Sequence analysis by BLAST (Tatusova and
Madden, 1999) revealed that this gene encodes a protein of 1419
amino acids that shares 40% identity and a further 13% similarity with human
ARHGEF11 (Nagase et al., 1997;
Fukuhara et al., 1999), and
bears even higher similarity within each of the conserved domains
(Fig. 1A). In addition, the
zebrafish protein has significant similarity to RhoGEF2 from D.
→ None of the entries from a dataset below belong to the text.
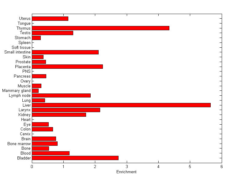 The expression level is normalized with tissue-library size. Each value for a gene in a tissue is a ratio of observed ESTs to the expected one in this tissue. The expected number of ESTs is the product of total ESTs of the gene and the fraction of total ESTs in the tissue among all ESTs in 30 tissues.
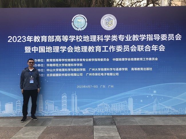 本网讯(文、图/孟凡帅)4月8日至9日,由教育部高等学校地理科学类专业教学指导委员会和中国地理学会地理教育工作委员会主办的2023年教育部高等学校地理科学类专业教学指导委员会暨中国地理学会地理教育工作委员会联合年会顺利召开。此次会议由华南师范大学地理科学学院承办,中山大学地理科学与规划学院、广州大学地理科学与遥感学院、高等教育出版社协办,北京超图软件股份有限公司、广东保伦电子股份有限公司、广东亦莱云科技有限公司对会议的召开予以了支持。旅游与地理科学学院教师孟凡帅参加了本次会议,学院部分教师以在线的形式参加了本次会议。
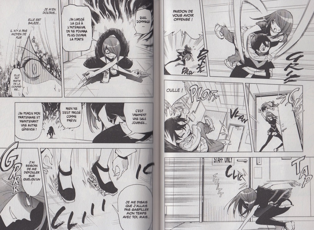 D’autre part, on regrettait dans le volume précédent l’arrivée de Suke sans tambour ni trompette : « c’est un Stagiaire-Assassin, il va t’accompagner désormais »… faiblarde la justification scénaristique ! Heureusement, L’auteur Yasuhiro Kano nous livre ici la motivation réelle de sa présence forcée auprès de Kiruru… et ça tient la route ! De plus, sa technique d’attaque hypnotique est flippante à souhait ?
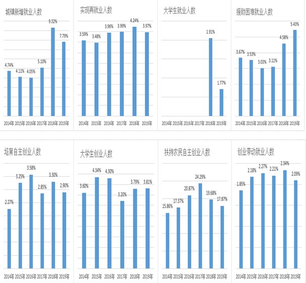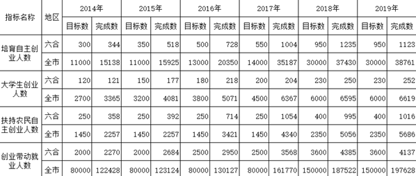 4、创业带动就业人数(人)是指报告期内,六合辖区内自主创业者创办的经济实体中,建立劳动关系、实现就业的人数。
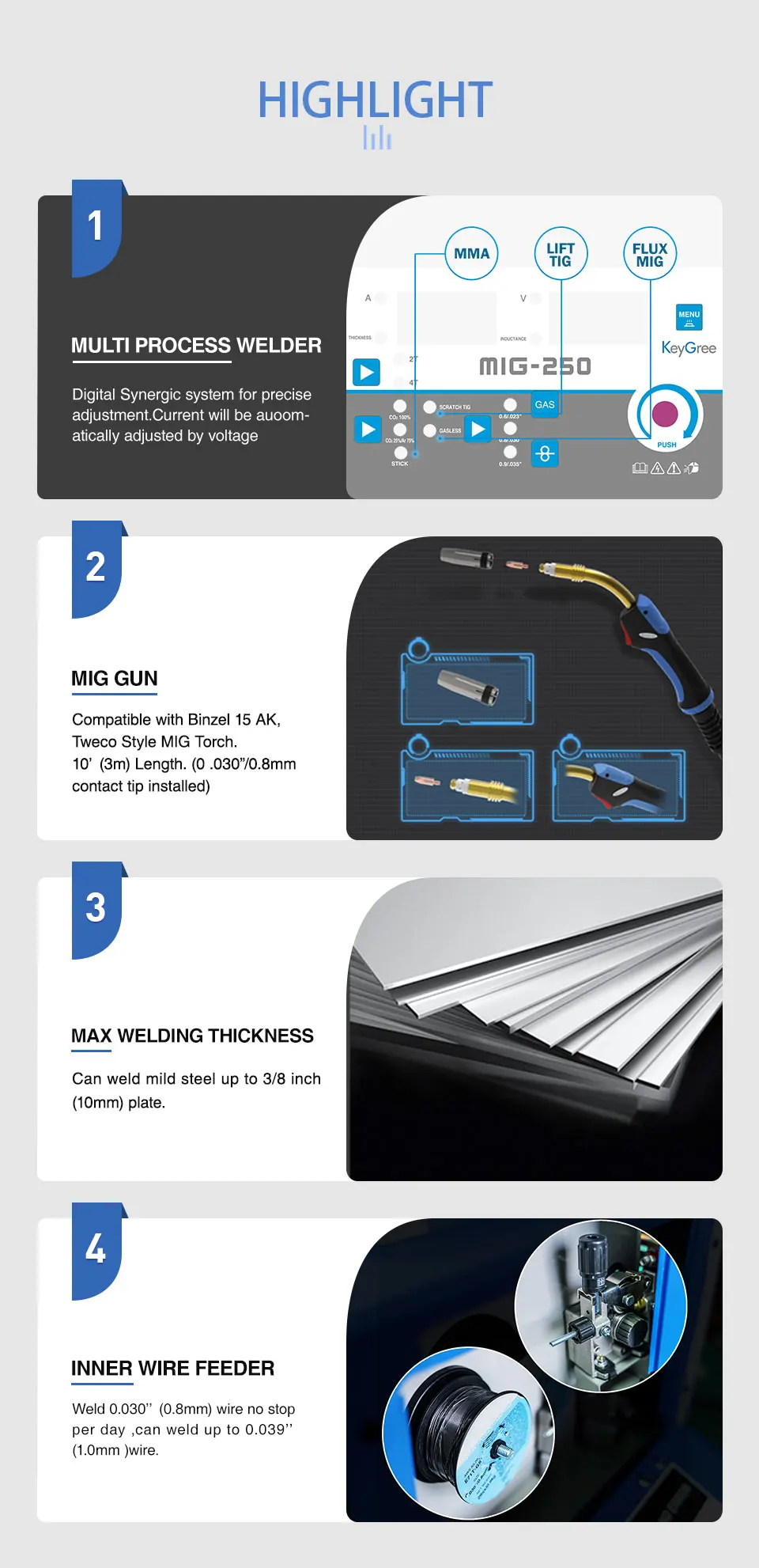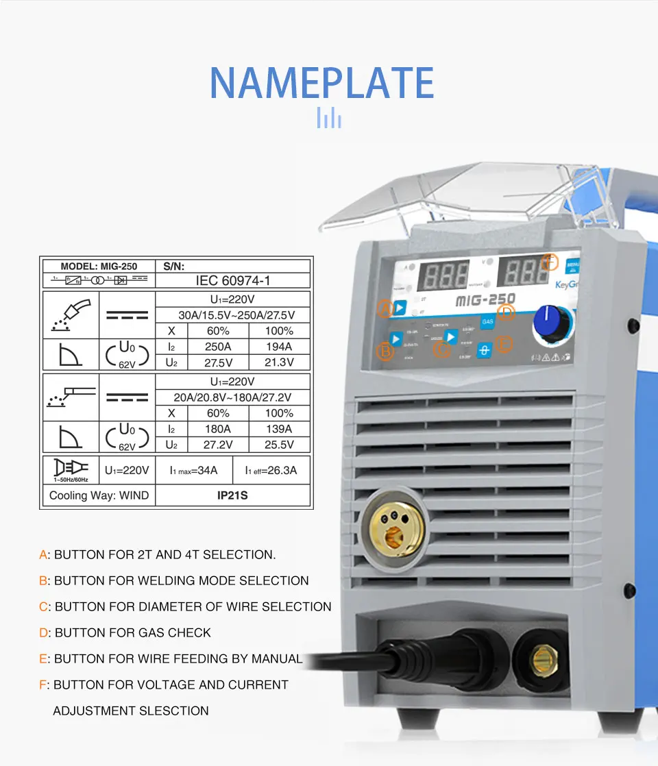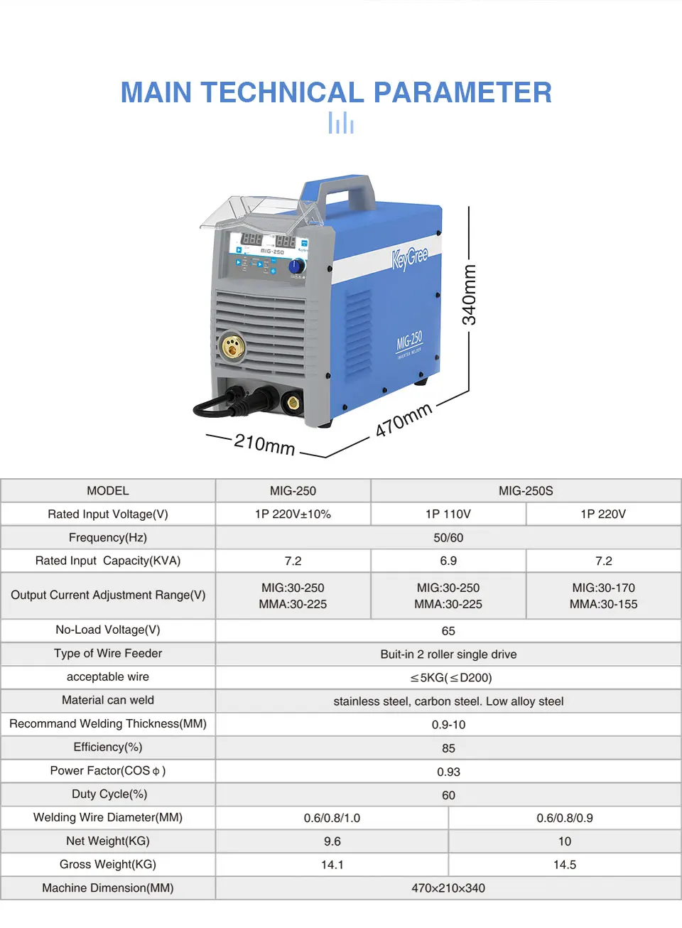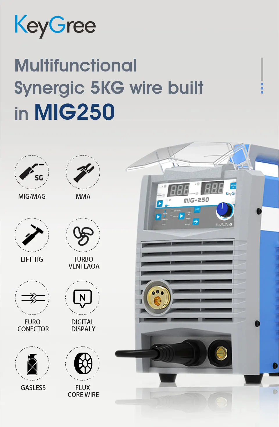 Сварочный аппарат Keygree MIG250A, для бесгазовой и газовой сварки, однофазный сварочный аппарат 220 В
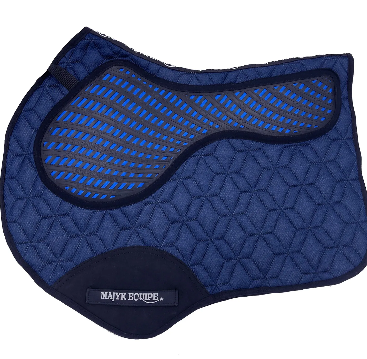 This featherlight Majyk Equipe® Contact-X Impact Cross Country Pad is a perfect combination of lightweight mesh and an anti-slip saddle area lined with breathable mesh. A proprietary shock-absorbent material inside the saddle area helps prevent “bounce back” between you and your horse, promoting a comfortable ride for both you. This pad is cut to perfectly complement your jump saddle.
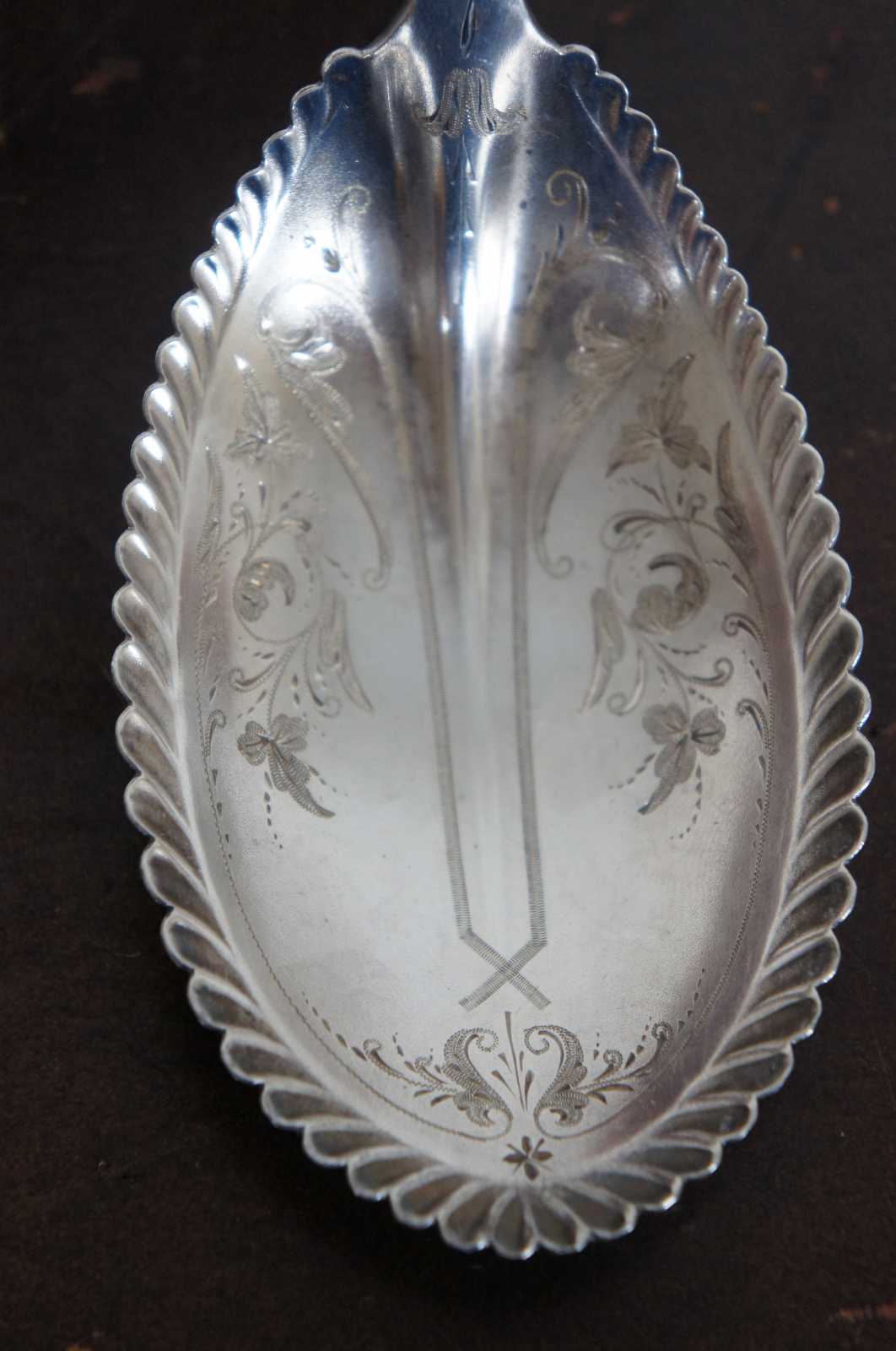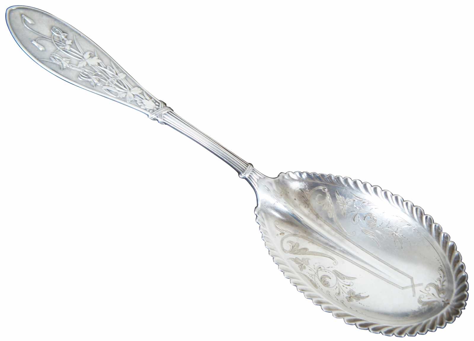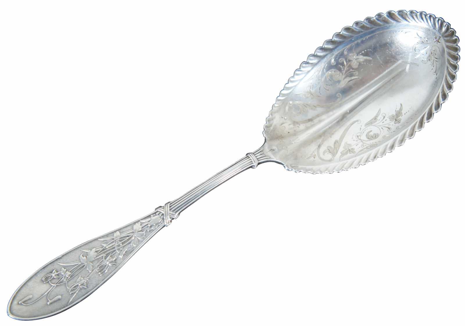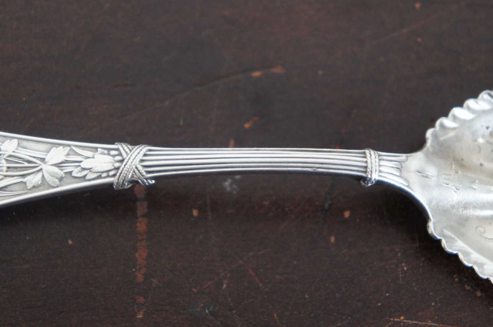 Antique W.W. Child Whiting Manufacturing Company sterling silver .925 casserole berry or citrus spoon in the 1870 Honeysuckle pattern with floral etched and scallop edged bowl; monogrammed “AAB.” Similar to the Arabeqsque pattern.

melanogaster (Barrett et al.,
1997; Hacker and Perrimon,
1998), particularly within each of the conserved domains
(Fig. 1A). Based on our
analysis of the zebrafish genomic DNA sequence, we predict arhgef11
comprises more than 40 small exons (data not shown), much like its human
counterpart (Hubbard et al.,
2005). Interestingly, there is also conserved synteny between the
region of zebrafish chromosome 7 containing arhgef11 and
vangl2/trilobite and the region of human chromosome 1 that contains
their human homologs (Fig. 1K).
The amino acid sequence similarity coupled with the syntenic relationship
support the notion that arhgef11 is the ortholog of human
ARHGEF11, and the encoded proteins are likely to share many of the
same functions. To study the gene in the developing zebrafish embryo, we cloned two arhgef11 isoforms using cDNA synthesized from the RNA of embryos at 2 days post-fertilization (dpf). Both cloned forms of arhgef11 contain the complete coding sequence for all four of the conserved domains, whereas small exons outside these regions are alternatively-spliced (Fig. 1A, pink bars). Further analysis by RTPCR on embryos at stages from 1 hour post-fertilization (hpf) to 2 dpf demonstrated that these two isoforms are expressed dynamically during early embryogenesis (Fig. 1B). Sequence analysis of the first isoform revealed that it lacks the exon encoding amino acids 1232-1257 of the predicted full-length transcript, situated near the C-terminus just after the PH domain (Fig. 1A). Furthermore, RT-PCR amplification of a small fragment using primers flanking this alternatively-spliced exon showed that this form persists from early cleavage stages through to 2 dpf, and we henceforth refer to it as the `early' form (Fig. 1B). In addition, we identified another site of alternative splicing between the RGS and DH domains at the exon encoding amino acids 556-566 of the predicted full-length transcript (Fig. 1A). The form lacking this exon was only detected after 1 dpf (Fig. 1B), and is hereafter referred to as the `late' form. Although these seem to be the most highly represented forms of arhgef11 during early development, RT-PCR experiments indicated that the full-length form is also present (data not shown).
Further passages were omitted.